Когда Земо доходит до того, что начинает продумывать, как именно нарушить условия своего временного освобождения, чтобы максимально быстро оказаться на тюремной койке, Сэму приходит срочный запрос о помощи как Капитану Америке. На панический взгляд Земо он говорит лишь: «Вы разберётесь», — и вскоре уходит, прихватив щит.
Чтобы принести хоть какую-то пользу, Земо принимается готовить на двоих. Джеймс по-прежнему не показывается, так что дважды в день Земо оставляет поднос с едой на стуле перед дверью в его комнату и коротко стучит, после чего сразу уходит к себе. Раздаётся короткий скрип, затем тяжёлый вздох, тихий стук металлических пальцев о дерево и ещё один скрип - Джеймс забрал поднос. Земо тянет подглядеть, но каждый раз он напоминает себе, что нагляделся уже достаточно и нужно довольствоваться знанием, что у Джеймса сохраняется здоровый аппетит.

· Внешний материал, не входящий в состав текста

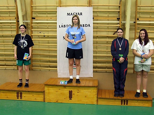 Gozdán Ágota (Nagykanizsa ZSE) könnyedén nyerte a bajnokságot. 2. Mile Alexandra (Cserszegtomaj SK) döntõ: 21-13, 21-14. 3. Ézsiás Kitti és Makai Gréta.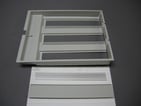 Afdækning for DIN-skinnemateriel i Domino. 1 søjle bred og 2 modul høj. For 3 stribe. Incl. blændplade og skilteark.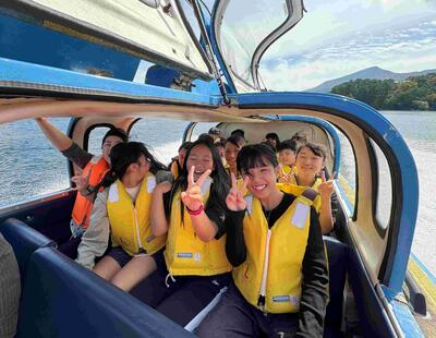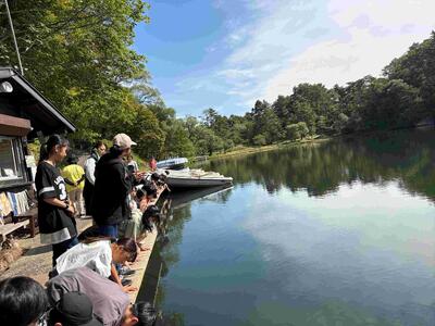 <檜原湖でモーターボート体験>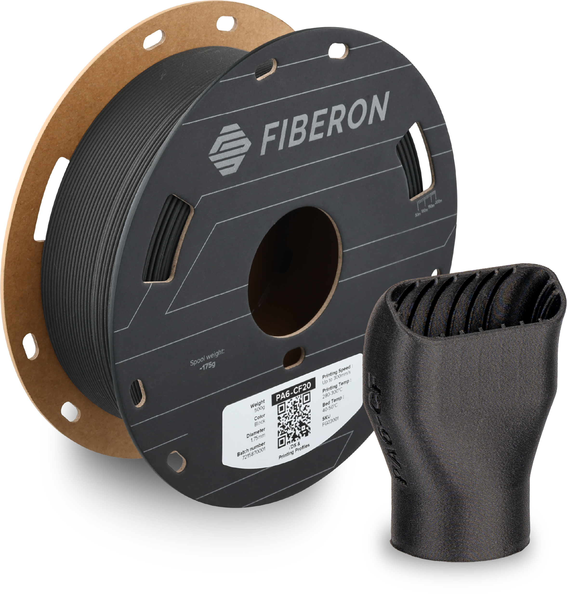 Polymaker Fiberon™ PA6-CF20 establece nuevos estándares en resistencia y durabilidad. Reforzado con un 20% de fibra de carbono, aporta rigidez, estabilidad y resistencia al calor excepcionales a tus proyectos de impresión 3D. La tecnología Fiber Adhesion™ garantiza una excelente adhesión de las capas y hace que PA6-CF20 sea la elección perfecta para aplicaciones que requieren máxima durabilidad.

Один раз он слышит, что Джеймс не забирает поднос, а подходит к его комнате и молча стоит — тени от его ног виднеются в зазор между дверью и полом. Земо смотрит на эти тени, затаив дыхание. Сейчас Джеймс войдёт и выскажет ему в лицо всё, что он сам уже успел себе многократно сказать. Но проходит минута, другая, тени исчезают и дверь в комнату Джеймса закрывается.

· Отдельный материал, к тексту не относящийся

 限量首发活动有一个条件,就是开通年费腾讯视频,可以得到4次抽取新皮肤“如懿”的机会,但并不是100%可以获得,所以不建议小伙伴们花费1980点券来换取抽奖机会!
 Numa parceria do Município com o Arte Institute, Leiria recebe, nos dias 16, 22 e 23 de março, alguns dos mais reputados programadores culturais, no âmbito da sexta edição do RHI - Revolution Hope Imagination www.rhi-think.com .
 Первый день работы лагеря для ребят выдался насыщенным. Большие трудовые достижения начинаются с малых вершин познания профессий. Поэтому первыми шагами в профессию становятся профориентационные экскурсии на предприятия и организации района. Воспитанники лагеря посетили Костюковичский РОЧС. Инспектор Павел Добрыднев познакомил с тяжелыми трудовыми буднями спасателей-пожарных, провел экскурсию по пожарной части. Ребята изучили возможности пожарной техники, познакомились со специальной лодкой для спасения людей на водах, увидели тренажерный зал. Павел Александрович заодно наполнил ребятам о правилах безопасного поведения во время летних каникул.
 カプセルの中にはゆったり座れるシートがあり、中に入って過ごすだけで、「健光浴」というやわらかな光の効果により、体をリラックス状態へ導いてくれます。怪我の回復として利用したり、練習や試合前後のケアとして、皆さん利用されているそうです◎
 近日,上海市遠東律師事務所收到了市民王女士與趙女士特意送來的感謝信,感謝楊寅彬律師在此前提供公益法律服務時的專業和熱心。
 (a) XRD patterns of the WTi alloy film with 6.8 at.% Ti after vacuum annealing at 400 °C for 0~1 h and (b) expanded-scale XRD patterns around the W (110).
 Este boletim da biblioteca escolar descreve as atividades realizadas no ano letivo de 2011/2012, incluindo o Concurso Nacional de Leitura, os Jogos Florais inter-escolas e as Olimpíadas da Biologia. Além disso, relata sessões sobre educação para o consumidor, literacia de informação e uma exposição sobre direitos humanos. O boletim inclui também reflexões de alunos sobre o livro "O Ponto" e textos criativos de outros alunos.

Проходит ещё два дня. Сэм отзванивается, чтобы дать знать, что он в порядке и убедиться, что у них ничего не изменилось. В который раз Земо задумывается о его странном поведении, но единственный вывод, который напрашивается, — состояние Джеймса не настолько плохо, чтобы Сэм мог всерьёз переживать. Хотелось бы верить, но звучит слишком фантастично, чтобы быть правдой. Ни Земо, ни Сэм не могут представить, что испытывал Джеймс под влиянием инопланетной пыльцы и что он чувствует теперь.

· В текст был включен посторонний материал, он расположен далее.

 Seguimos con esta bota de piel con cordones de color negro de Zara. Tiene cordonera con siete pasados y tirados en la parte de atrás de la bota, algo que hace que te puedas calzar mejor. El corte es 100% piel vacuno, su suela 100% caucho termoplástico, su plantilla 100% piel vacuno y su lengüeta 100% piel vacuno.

Не могут представить... Взгляд Земо падает на контейнер с остатками собранных в лаборатории материалов.
***
Первое изменение, которое Земо отмечает, — становится очень жарко. Ему хочется раздеться, но для начала он ограничивается тем, что разувается и снимает носки. Пол приятно холодит подошвы стоп. Вообще, у пола, оказывается, очень приятная текстура. Земо некоторое время топчется на месте, довольно похмыкивая, пока не начинает ощущать сильную жажду, которая ведёт его на кухню. На кухне в свою очередь положена восхитительная прохладная плитка. С секунду Земо даже рассматривает возможность улечься на неё до тех пор, пока не эффект не сойдёт на нет. Потом он вспоминает, что собирался пить.
Вода из-под крана кажется Земо вкуснейшим напитком в мире. Первый стакан он выпивает почти залпом, второй — уже не спеша, как выдержанный виски. Жажда Джеймса теперь ему полностью понятна.
Джеймс...
Образы, которые все эти дни Земо старательно от себя гнал, мгновенно заполняют его сознание, словно кто-то открыл невидимый шлюз. Джеймс прижимает его к стене, Джеймс трётся об него, Джеймс целует его, Джеймс кусает его за шею, Джеймс стонет его имя, Джеймс, Джеймс, Джеймс.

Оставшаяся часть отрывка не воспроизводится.